Opened 5 months ago

Closed 5 months ago

Last modified 11 days ago

#16298 closed defect (fixed)

String length is incorrect when converting from UTF-16 to UTF-32 wxString

Reported by: plorkyeran Owned by: VZ
Priority: normal Milestone: 3.1.0
Component: base Version: dev-latest
Keywords: Cc:
Blocked By: Blocking:
Patch: yes

Description

auto str = wxString::FromUTF8("\xf0\x9f\x98\x84");
printf("%s\n", str.utf8_str().data());
assert(str.size() == 1);

wxMBConvUTF16 conv;
auto str2 = wxString(conv.cMB2WX((const char *)u"\xd83d\xde04"));
printf("%s\n", str2.utf8_str().data());
assert(str2.size() == 1);

This correctly prints the same character both times, but the second assert fails due to str2.size() being 2, and with longer strings anything that operates based on the string length ends up reading uninitialized memory.

The cause of this is that wxMBConvUTF16straight::ToWChar skips calculating the required buffer size by taking advantage of that UTF-32 is never more code units than UTF-16 and allocating a larger buffer than needed when surrogate pairs are involved, but wxMBConv::cMB2WC assumes the buffer size is the actual string size and discards the length returned by the actual conversion. The attached patch fixes this by making wxMBConv::cMB2WC shrink the buffer to the length actually used by the conversion.

Attachments (1)

utf16-conv-length.patch download (973 bytes) - added by plorkyeran 5 months ago.

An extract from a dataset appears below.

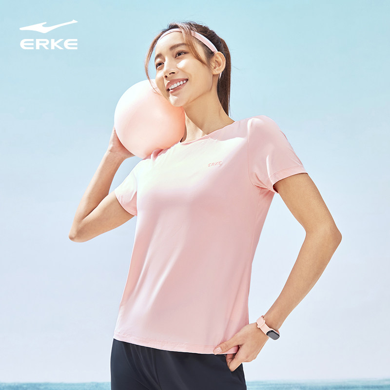 鸿星尔克短袖t恤女2025夏季新款女士羽毛球瑜伽运动防晒冰丝上衣
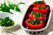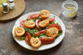 Umieścić opatrunek na pomidorach. Podawać przystawkę do stołu, które wcześniej nalegał na zimno przez 20-30 minut.

Download all attachments as: .zip

Change History (6)

Changed 5 months ago by plorkyeran

comment:1 Changed 5 months ago by vadz

  • Milestone set to 3.1.0

Thanks for finding this problem!

I'm not sure about the fix though, I'm tempted to fix wxMBConvUTF16::ToWChar(NULL) return value instead, it clearly doesn't satisfy the requirements to this method described in the comment in wxMBConv. What do you think?

We also clearly need a test case for this in source:wxWidgets/trunk/tests/strings/unicode.cpp

comment:2 Changed 5 months ago by plorkyeran

Making ToWChar(NULL) calculate the actual length is definitely the way to go if that's what the interface is documented as doing. It'd be very difficult to construct scenarios where the performance hit is meaningful.

comment:3 Changed 5 months ago by VZ

  • Owner set to VZ
  • Resolution set to fixed
  • Status changed from new to closed

In 76618:

Fix wrong resulting string length in UTF-16 to wchar_t conversion.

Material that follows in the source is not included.